Я поцеловал ее, она встала, пересекла комнату, открыла дверь и скрылась за ней, не оглянувшись. А я лежал, курил и прислушивался к незнакомым чувствам, бурлящим внутри. А когда взошло солнце, я поднялся, принял душ, и спустился в вестибюль на встречу с Шартеллем.
— Знаете, где я вчера побывал? — Шартелль выпустил струю дыма.
— Нет.
— Я засвидетельствовал свое почтение генеральному консулу.
— Я же ездил с вами.

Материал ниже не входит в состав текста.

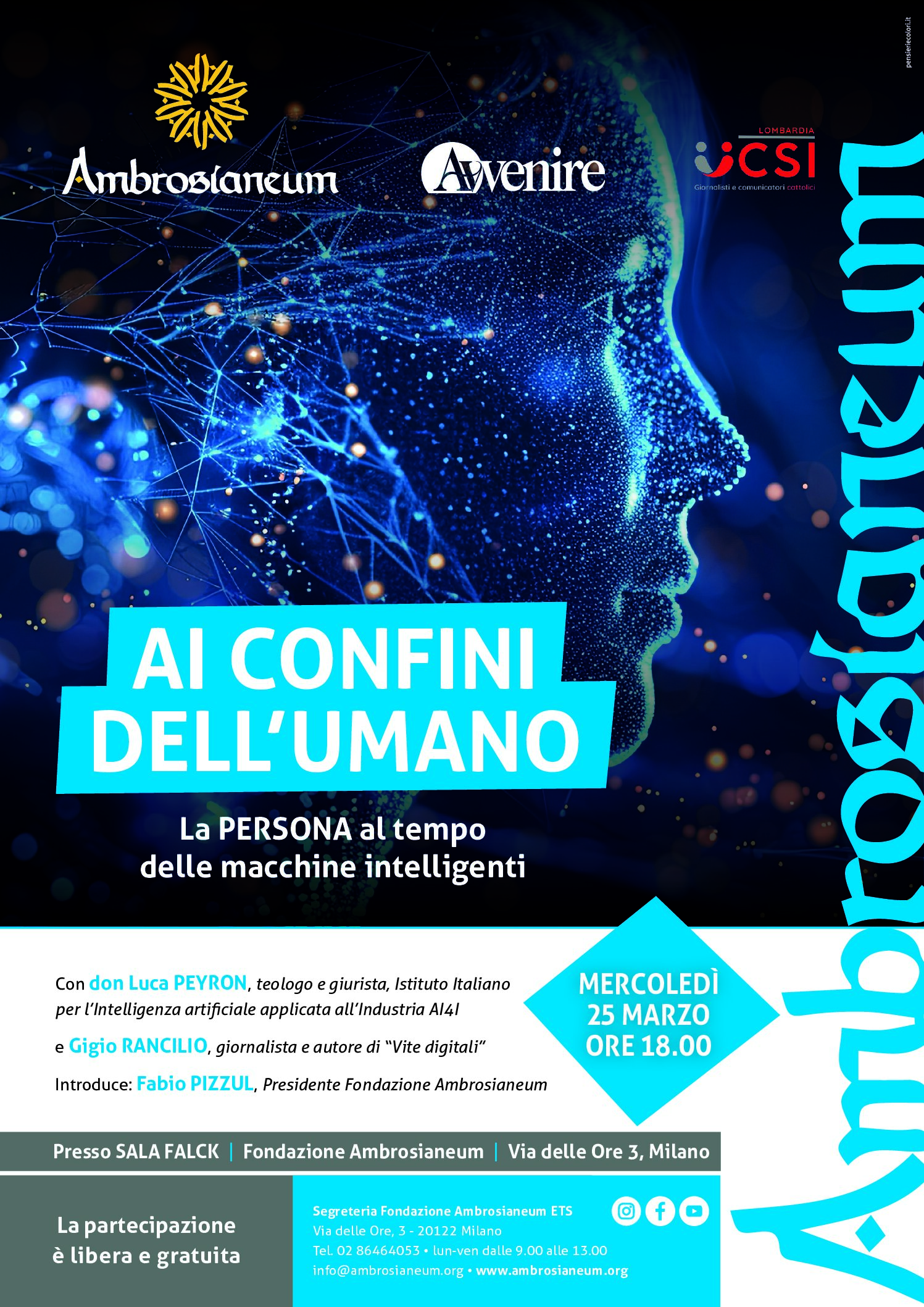 Un incontro con don Luca Peyron, teologo e giurista, membro dell’Istituto per l’Intelligenza artificiale applicata all’industria AI4I e Gigio Rancilio, giornalista e autore di Vite digitali. Introdurrà l’incontro Fabio Pizzul, presidente Fondazione Ambrosianeum ETS.
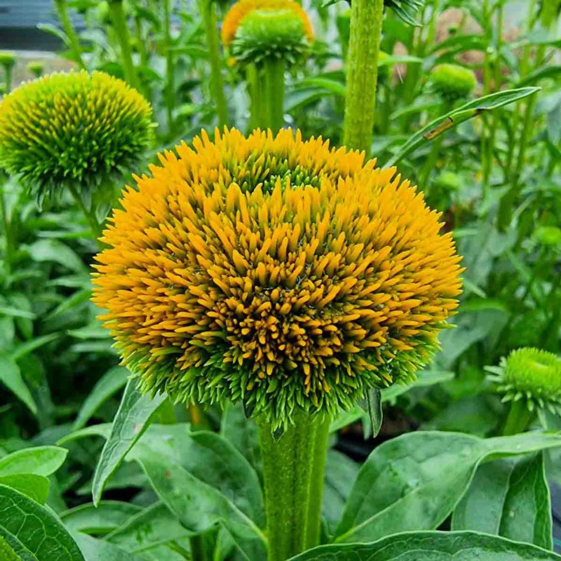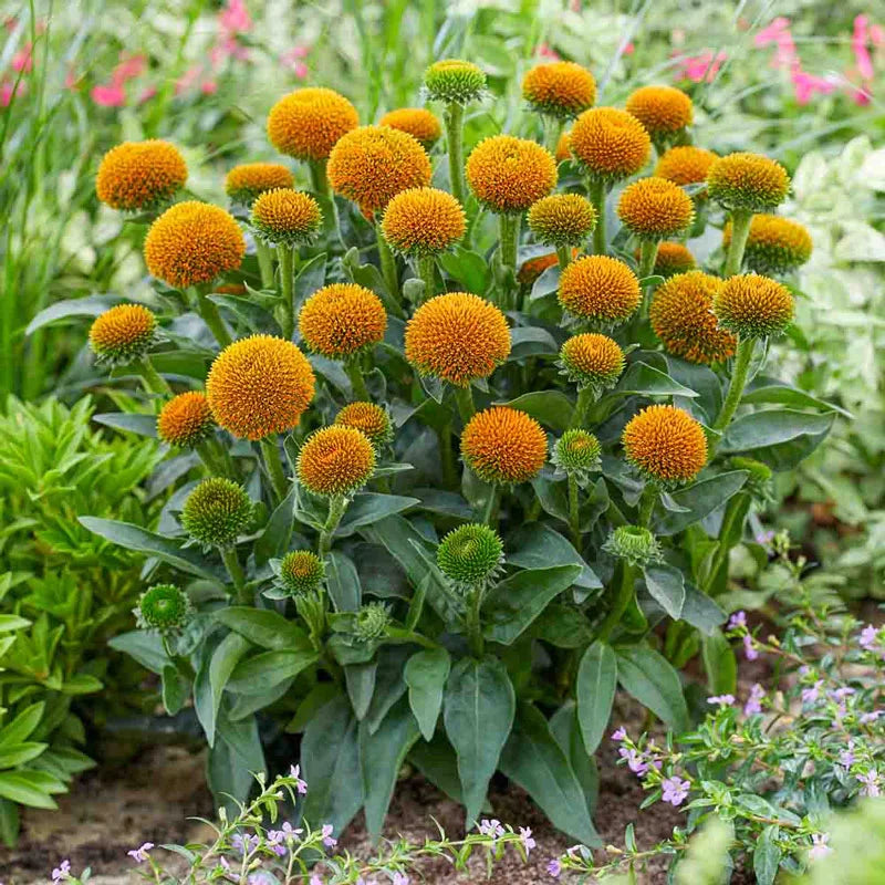 With a compact, upright habit and remarkably strong stems, this drought-tolerant coneflower makes a striking addition to sunny beds and borders. Its unusual orange-yellow cones are petal free, giving the blooms a sculptural, modern look that holds up well in the garden or a vase. Plants grow to up to 28" and produce multiple stems topped with long-lasting blooms that are a hit with pollinators. Hairy foliage adds texture, and the extended bloom time keeps the display going through the season.

Его не оказалось на месте.
— Нет, после этого. Даже после беседы со старичком-англичанином в Управлении переписи.
— То есть вы вновь поехали туда?
— В Барканду несколько консульств.
— И какое же вы выбрали?
— Естественно израильское.
— Клинт, я не собираюсь вытягивать из вас каждое слово. Итак, вы решили пообщаться с генеральным консулом Израиля. Почему?
— Я рассуждал так: если я попадаю в незнакомый город в чужой стране и хочу разобраться в том, что происходит, к кому мне обратиться? Разумеется, к послу Израиля, а если посла нет, то к генеральному консулу.
— И о чем вы говорили?
— О родственниках, юноша, о родственниках.
— Чьих?
— Его и моих. У меня есть родственники в Израиле, а у этого старикана из консульства — в Кливленде, и я с ними, кажется, знаком. Горячие сторонники демократической партии. То есть я сразу стал его земляком.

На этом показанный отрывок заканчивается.